SUPPLIED RECORDS -

◇ ◇ ◇ ◇ ◇ ◇ ◇

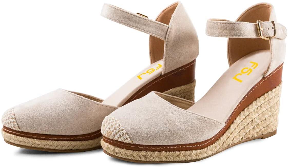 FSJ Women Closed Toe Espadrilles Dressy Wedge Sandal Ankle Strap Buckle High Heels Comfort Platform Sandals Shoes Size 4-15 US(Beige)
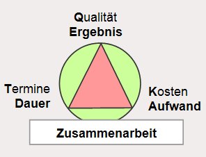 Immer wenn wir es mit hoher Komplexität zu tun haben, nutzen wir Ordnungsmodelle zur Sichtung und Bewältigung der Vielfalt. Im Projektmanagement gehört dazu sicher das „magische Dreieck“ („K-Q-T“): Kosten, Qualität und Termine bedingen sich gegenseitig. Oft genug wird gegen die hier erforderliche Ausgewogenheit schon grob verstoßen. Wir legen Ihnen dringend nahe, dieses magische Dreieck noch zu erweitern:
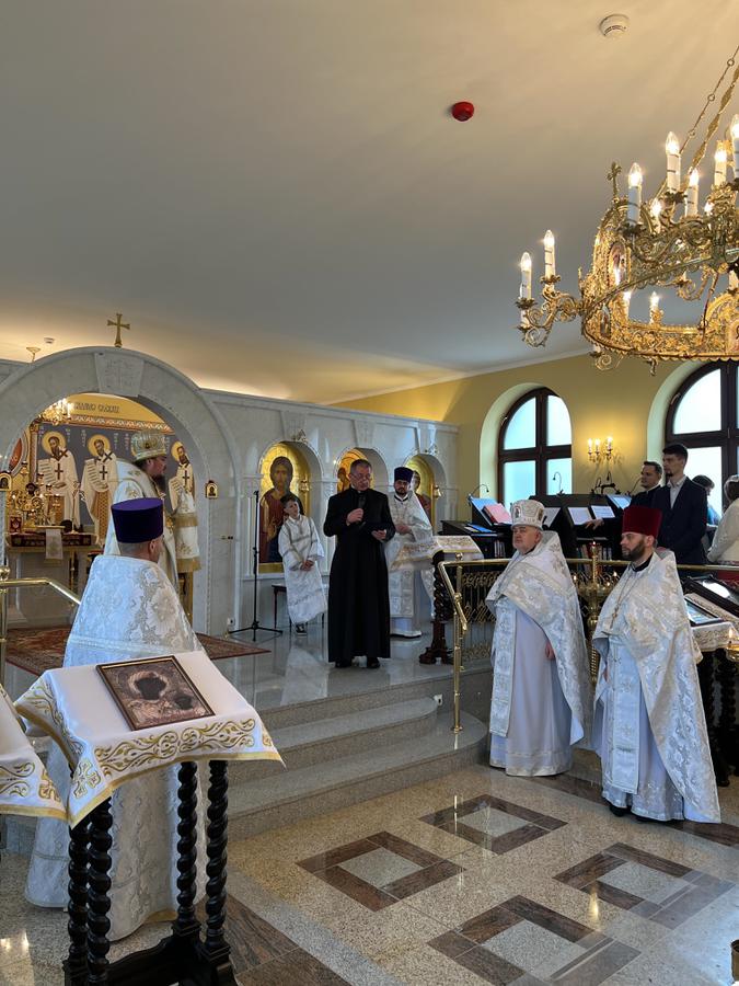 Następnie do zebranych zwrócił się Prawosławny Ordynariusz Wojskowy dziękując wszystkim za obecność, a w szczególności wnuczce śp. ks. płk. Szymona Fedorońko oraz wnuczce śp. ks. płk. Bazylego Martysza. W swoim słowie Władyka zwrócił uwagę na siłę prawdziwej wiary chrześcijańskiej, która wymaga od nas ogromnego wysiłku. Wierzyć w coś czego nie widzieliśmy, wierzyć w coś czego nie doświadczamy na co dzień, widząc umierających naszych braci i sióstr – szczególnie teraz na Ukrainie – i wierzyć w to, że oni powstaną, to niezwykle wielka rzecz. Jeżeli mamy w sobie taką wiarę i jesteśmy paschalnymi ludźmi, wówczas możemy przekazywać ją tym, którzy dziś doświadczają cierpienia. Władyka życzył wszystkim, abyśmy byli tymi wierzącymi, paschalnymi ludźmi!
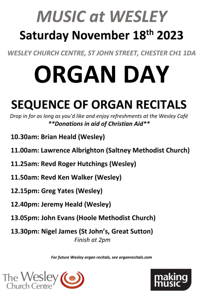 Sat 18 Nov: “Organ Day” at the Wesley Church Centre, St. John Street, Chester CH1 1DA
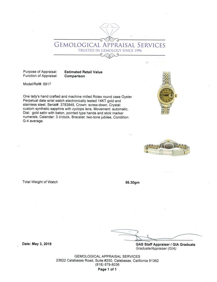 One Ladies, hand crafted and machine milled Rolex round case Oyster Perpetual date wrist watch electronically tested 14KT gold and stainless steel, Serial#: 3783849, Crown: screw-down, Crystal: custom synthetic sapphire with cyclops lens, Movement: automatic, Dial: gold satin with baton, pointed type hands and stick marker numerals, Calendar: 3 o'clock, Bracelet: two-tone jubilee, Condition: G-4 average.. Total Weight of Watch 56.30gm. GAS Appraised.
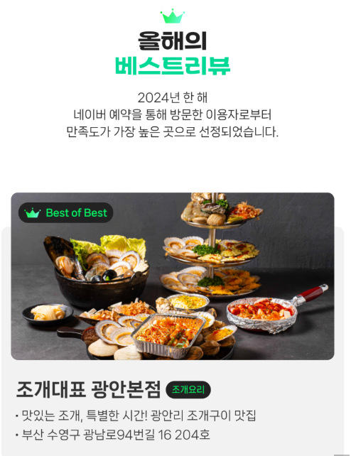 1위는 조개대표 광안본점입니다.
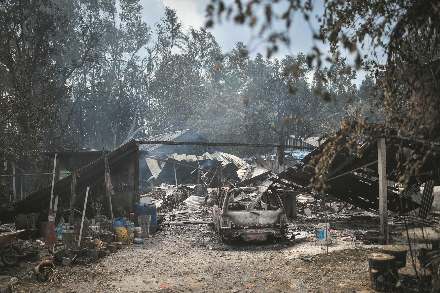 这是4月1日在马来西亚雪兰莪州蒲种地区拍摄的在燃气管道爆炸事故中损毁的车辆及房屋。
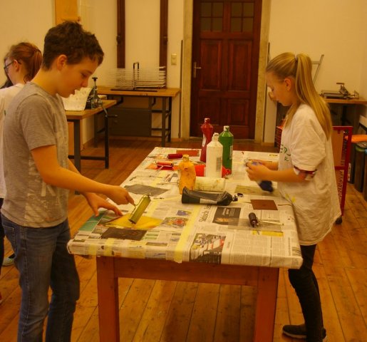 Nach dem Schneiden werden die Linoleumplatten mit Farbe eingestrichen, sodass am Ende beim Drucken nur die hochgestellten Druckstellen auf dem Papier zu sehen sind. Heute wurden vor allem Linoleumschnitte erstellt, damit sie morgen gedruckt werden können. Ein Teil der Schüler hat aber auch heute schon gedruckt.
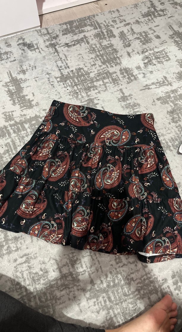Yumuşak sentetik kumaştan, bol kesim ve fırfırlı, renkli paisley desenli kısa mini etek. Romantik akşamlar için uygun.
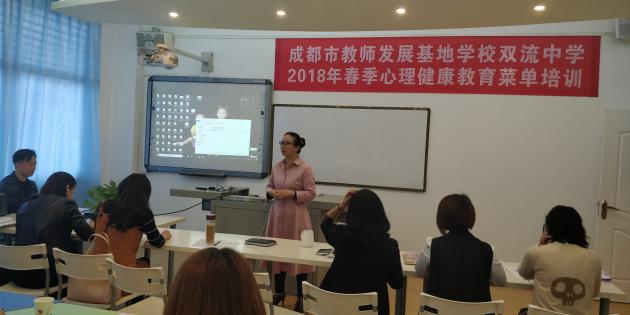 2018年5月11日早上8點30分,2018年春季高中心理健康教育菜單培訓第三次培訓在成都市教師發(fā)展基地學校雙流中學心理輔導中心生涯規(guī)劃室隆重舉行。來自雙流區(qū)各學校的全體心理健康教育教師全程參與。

◇ ◇ ◇ ◇ ◇ ◇ ◇

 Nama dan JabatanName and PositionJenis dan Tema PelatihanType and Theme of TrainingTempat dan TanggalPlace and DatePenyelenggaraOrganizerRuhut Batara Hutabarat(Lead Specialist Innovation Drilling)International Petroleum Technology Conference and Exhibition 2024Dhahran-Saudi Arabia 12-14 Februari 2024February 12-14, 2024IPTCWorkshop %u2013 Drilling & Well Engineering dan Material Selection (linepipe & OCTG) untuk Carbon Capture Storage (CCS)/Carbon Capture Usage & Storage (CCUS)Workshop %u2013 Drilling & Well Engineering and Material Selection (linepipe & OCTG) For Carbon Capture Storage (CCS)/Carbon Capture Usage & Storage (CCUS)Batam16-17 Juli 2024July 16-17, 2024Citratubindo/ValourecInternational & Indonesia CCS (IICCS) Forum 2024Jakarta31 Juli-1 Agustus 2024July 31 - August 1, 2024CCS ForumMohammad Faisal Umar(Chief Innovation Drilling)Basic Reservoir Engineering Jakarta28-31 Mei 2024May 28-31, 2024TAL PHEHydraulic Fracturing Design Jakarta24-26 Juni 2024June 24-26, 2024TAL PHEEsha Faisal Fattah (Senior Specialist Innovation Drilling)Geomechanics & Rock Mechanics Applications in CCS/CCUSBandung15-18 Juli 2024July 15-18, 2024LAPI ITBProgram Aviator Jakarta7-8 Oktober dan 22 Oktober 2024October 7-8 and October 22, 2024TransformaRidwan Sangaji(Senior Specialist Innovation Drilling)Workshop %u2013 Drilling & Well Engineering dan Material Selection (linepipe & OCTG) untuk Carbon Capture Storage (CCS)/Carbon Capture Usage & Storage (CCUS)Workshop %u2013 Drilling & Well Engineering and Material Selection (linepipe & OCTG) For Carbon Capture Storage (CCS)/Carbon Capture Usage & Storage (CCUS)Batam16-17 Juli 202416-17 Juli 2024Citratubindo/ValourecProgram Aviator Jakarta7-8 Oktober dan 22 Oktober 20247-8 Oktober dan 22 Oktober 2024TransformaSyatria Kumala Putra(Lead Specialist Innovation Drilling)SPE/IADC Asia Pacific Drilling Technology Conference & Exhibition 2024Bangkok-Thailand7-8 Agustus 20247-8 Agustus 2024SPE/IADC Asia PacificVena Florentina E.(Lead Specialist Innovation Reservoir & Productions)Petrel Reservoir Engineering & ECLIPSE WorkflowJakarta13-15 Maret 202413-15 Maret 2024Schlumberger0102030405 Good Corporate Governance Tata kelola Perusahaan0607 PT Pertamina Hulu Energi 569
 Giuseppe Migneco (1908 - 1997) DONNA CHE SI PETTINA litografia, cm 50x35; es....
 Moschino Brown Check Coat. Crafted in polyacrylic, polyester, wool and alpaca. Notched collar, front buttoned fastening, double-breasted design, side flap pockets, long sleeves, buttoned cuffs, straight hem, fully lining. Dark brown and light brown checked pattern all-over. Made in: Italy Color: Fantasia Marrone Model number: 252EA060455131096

◇ ◇ ◇ ◇ ◇ ◇ ◇

INSTRUCTIONS TO FOLLOW -
In the records above, find the line containing "Yumuşak sentetik kumaştan, bol" and the line containing "2018年5月11日早上8點", then give both of them again word for word along with every line between. Omit any pictures.

OUTPUT OF THE EXERCISE -
Yumuşak sentetik kumaştan, bol kesim ve fırfırlı, renkli paisley desenli kısa mini etek. Romantik akşamlar için uygun.
 2018年5月11日早上8點30分,2018年春季高中心理健康教育菜單培訓第三次培訓在成都市教師發(fā)展基地學校雙流中學心理輔導中心生涯規(guī)劃室隆重舉行。來自雙流區(qū)各學校的全體心理健康教育教師全程參與。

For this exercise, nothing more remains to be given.